Procès d'une veuve désespérée et "morte de l'intérieur"

Depuis lundi et jusqu'à ce mercredi soir, le procès d'une veuve soupçonnée d'avoir assassiné son mari près de l'Arbresle, en le droguant puis en le poussant, dans sa voiture, au fond d'un étang, se déroule devant les Assises de Lyon. Au deuxième jour de l'audience, la veuve est apparue en pleurs dans son box, lorsque sa fille a pris la parole.

Le 29 avril 2008 à 10h, Geneviève se présente à la brigade de gendarmerie de l'Arbresle (Rhône) afin de signaler la disparition suspecte, depuis la veille, de son mari, Jean-Paul Drillard. Celui-ci aurait quitté le domicile familial avec son véhicule aux alentours de 20h et n'aurait plus donné signe de vie.

Ce mardi matin 15 février au tribunal, la fille de l'accusée explique : "Avant le drame, cela faisait plusieurs mois que ma mère n'avait pas donné signe de vie". "Elle aurait dû être prise en charge et se faire soigner pour sa dépression car elle était pour moi morte de l'intérieur". La fille semble encore sous le choc et avoue prendre réellement conscience de la réalité des faits grâce au procès. Elle a du mal à imaginer que sa mère ait pu agir ainsi.

"Elle n'a pas pu faire cela"

Mais le 2 mai 2008, alors que les recherches entreprises n'ont rien donné pour retrouver son beau-père. C'est sa mère, Geneviève, qui apporte de nouveaux éléments concernant cette disparition. Elle avoue aux policiers qu'elle sait où se trouve le véhicule et le corps de son compagnon. Il aurait été immergé dans un étang sur la commune de Chevinay à la suite d'un accident. Elle précise qu'elle n'a pas été en mesure de secourir son mari au moment des faits car elle a été prise de panique, sous l'influence de médicaments anti-dépresseurs.
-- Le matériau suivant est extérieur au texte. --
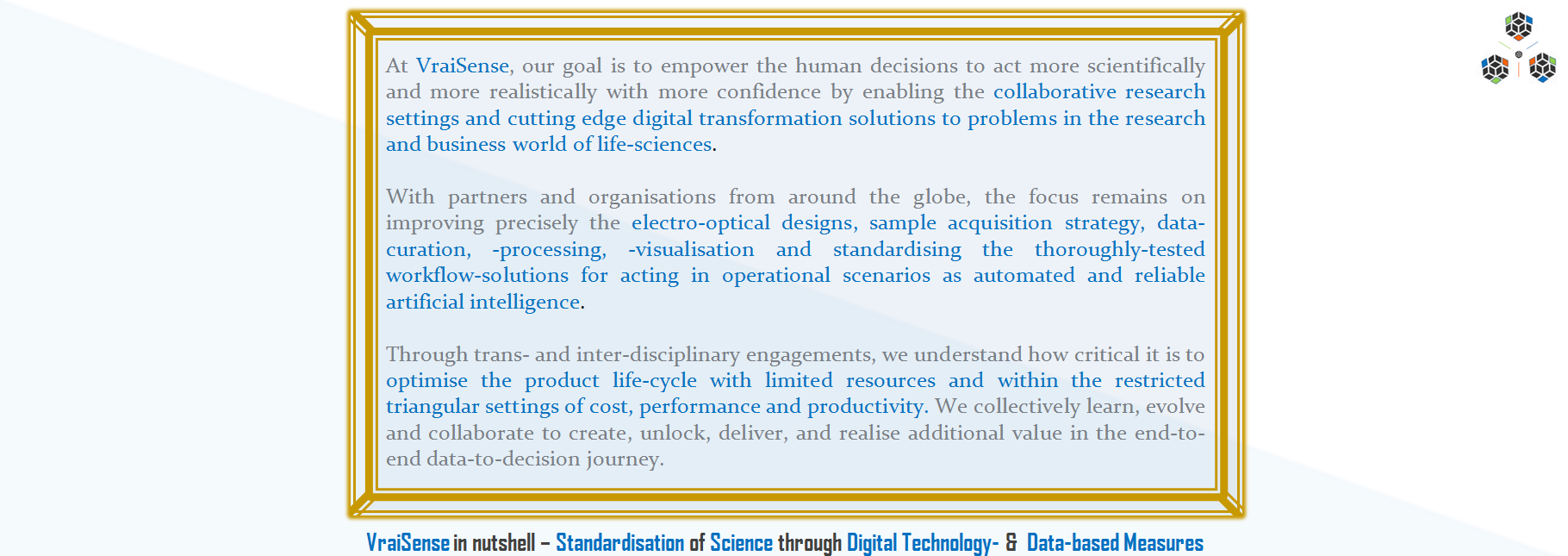 At Vraisense our aim is enabling our partners while diagnosting to have minimal invasion to life for observing the allied altered-phenomenon, improving the safety standards. Collaborating for improving the diagnosis approaches and scanning processes that enable better options for humans to opt for. Ensuring high standards of diagnostic processes for better human health, with more comprehensive and innovative strategies in place. To comply with the ethics-oriented regulations and minimising the adversarial-effects and thresholds of invasion. To achieve the optimal exposure, diagnosis and control settings, ensuring more safer options for healthcare professionals. The challenges are with the specificity and preciseness. And hence the role of allied collective innovations.

Sa soeur raconte aujourd'hui qu'elle "n'était vraiment pas bien ce jour-là" et qu'elle l'avait entendu dire à sa fille  : "j'ai poussé la voiture, j'ai poussé la voiture". La fille explique à la barre que sa mère était d'avantage susceptible de mettre fin a sa propre vie plutôt qu'à celle de son mari, "elle n'aurait jamais pu faire cela".

Mardi au tribunal, la fille de l'accusée a précisé que sa mère lui avait avoué avoir poussé la voiture dans l'étang. Elle ajoute : "mais pour moi, ma mère a pété les plombs du fait de l'accumulation de ses problèmes personnels". La soeur de l'accusée explique également que celle-ci lui avait confié au lendemain du crime avoir donné cinq somnifères à son mari, et avoir poussé le véhicule dans l'eau, avant de rentrer chez elle à pied.

L'accusée, 55 ans, les traits marqués est pourtant fortement soupçonnée d'avoir drogué son conjoint et de l'avoir conduit à bord de son véhicule près d'un étang, avant de le noyer, à quelques kilomètres du domicile conjugal.

"J'ai un secret à te dire, mais tu vas me prendre pour un monstre"

Au fil de l'audience, une forme de machiavélisme dans l'exécution du crime apparaît peu à peu. La défense n'y voit que l'expression d'une forme de désespoir. La soeur de l'accusé répétant à plusieurs reprises que sa soeur n'était vraiment pas bien avant le crime.

Selon les témoignages, peu avant son crime présumé, Geneviève "s'était repliée sur elle-même". Sa soeur avoue qu'elle était devenue dépressive trois mois avant les faits, et que le 29 avril 2008, elle lui avait confié : "j'ai un secret à te dire, mais tu vas me prendre pour un monstre".

Face à ces déclarations, dans son box, l'accusée n'exprime aucune réaction. Elle reste impassible, les yeux rivés sur le sol. Cependant, lorsque sa fille prend enfin la parole pour décrire l'attitude dépressive de sa mère ainsi que le caractère coléreux de la victime, Geneviève, ancienne aide-soignante, fond en larmes. Sa fille précise qu'elle n'avait pas vu la détresse de sa mère "sinon j'aurais tout fait pour l'aider et empêcher ce qui s'est passé".

Le 28 avril 2008 au soir, le couple avait prévu d'effectuer une promenade après le repas, vers l'étang de Verchères, à trois kilomètres de leur domicile. L'accusée reconnaît qu'elle aurait alors stationné le véhicule face à l'étang puis l'aurait laissé glisser. Geneviève avoue à mots couverts qu'elle avait bien décidé ce soir là, d'attenter à la vie de son mari.